Even in a presentation, that for the mens’ fall/winter 2013-14 collection staged in Milan on 13 January 2013, Ports 1961’s designer Ian Hylton and creative director Fiona Cibani unleashed their imaginations to tell a powerful story, with black and white videos depicting a sculpture of Yury Gagarin by Pavel Bondarenko.
It’s as if Hylton is saying, we can all be heroes. You just need that little touch of courage, enough to transform an ordinary man into something else, like Clark Kent and Superman. At least, that’s what the glasses were saying, heavy acetate-rimmed glasses that spoke of ordinary men ready to become something else.

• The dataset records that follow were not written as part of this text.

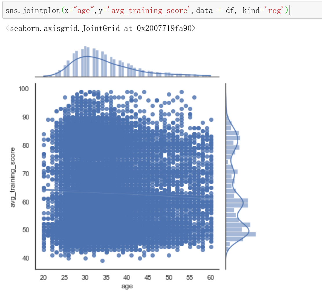 299 sns.jointplot(x="age",y='avg_training_score',data = df, kind='reg')
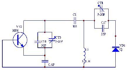 ??? 由交流等效電路圖可知該電路為電容反饋LC三端式振蕩器,其反饋系數(shù)F=(C11+CT3)/CAP,CAP可變?yōu)镃7、C14、C23、C19其中一個(gè)。其中Cj為變?nèi)?a target="_blank">二極管2CC1B,根據(jù)所加靜態(tài)電壓對(duì)應(yīng)其靜態(tài)電容。
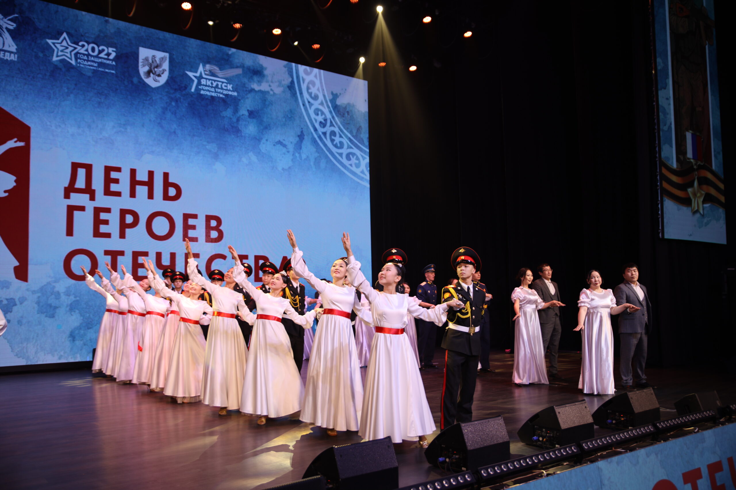 Главными гостями торжественного вечера, посвященного Дню Героев Отечества и знаменующего завершение годовой программы мероприятий к 80-летию Победы в Великой Отечественной войне, стали ветеран Великой Отечественной войны, Почетный гражданин республики Наум Трифонович Слепцов, Герой России Алексей Рафаэлович Петров и участники специальной военной операции.

The colours are grey and black, with accents in light bordeaux, light blue, and light green. Overcoats and bomber jackets are cadenced into squares and rectangles reminiscent of armour or a spacesuit, creating a contrast with the softness of the fabric. Tailoring is tight and taut, very male, for men who know where they are going, and who are capable of an occasional foray into decorative luxury, as in a fur lapel on a grey overcoat. The sculptured lines are contrasted with the voluptuously bright colour. The overall impression is that of people who are about to set off on a journey, as shown by the large, practical bag. Hylton himself said, “Ports customers travel a lot, and they know the world. Our man is fashionable. The Ports 1961 collection was designed for the executive, the athlete, the traveller in every man. A Ports man is self-assured and wants to look his best. He wants quality first of all.”
All the classic garment types are reworked in the collection by Hylton and Cibani: trench coats, Chesterfields, Harringtons and duffle coats are given sophisticated details and quality materials. Shoes are tough and chunky, with mocassins featuring five-layer soles and oversize kilt fringes on the uppers.